Morphologically Typical and Atypical B-Cell Chronic Lymphocytic Leukemias Display a Different Pattern of Surface Antigenic Density

, , , , , & show all
Pages 649-654 | Accepted 10 Jan 2001, Published online: 01 Jul 2009
 

Abstract

Recent evidences suggest that B-cell chronic lymphocytic leukemia (B-CLL) may have heterogeneous biological and clinical features. Immunological phenotype may be useful for distinguishing these different forms of disease.

We used a quantitative flow cytometric approach to analyze the expression of several membrane molecules (CD19, CD20, CD22, CD23, CD11c, CD5, CD79b) commonly used to diagnose and characterize B-CLL in a choort of 84 consecutive B-CLL patients diagnosed according to morphological and immunological findings. We found that morphologically so-called “atypical” B-CLL displayed a significantly higher number of CD20 and CD22 molecules than typical forms. On the other hand, CD19 was found to be more expressed in typical B-CLL, although without reaching statistical significance.
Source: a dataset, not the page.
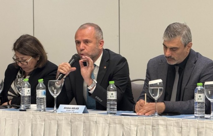 Kdz.Ereğli Ticaret ve Sanayi Odası Yönetim Kurulu Başkanı Arslan Keleş, toplantı sırasında bir konuşma yaparak; iş dünyasının sorunları ve çözüm önerileri konusunda görüşlerini katılımcılarla paylaştı.

Finally, no difference was detected with respect to CD23, CD79b, CD11c and CD5 number of molecules/per cell between typical and atypical B-CLL. Other clinico-biological features, such as surface membrane immunoglobulin density, percentage of CD79b and FMC7 expression, peripheral blood lymphocytosis, trisomy 12 and advanced clinical stages were also found to be more frequent in atypical B-CLL. In conclusion, our data confirm the hypothesis that atypical B-CLL is a disease sustained by more mature B-cells, closely related but, at the same time, clearly distincted from neoplastic cells of typical B-CLL.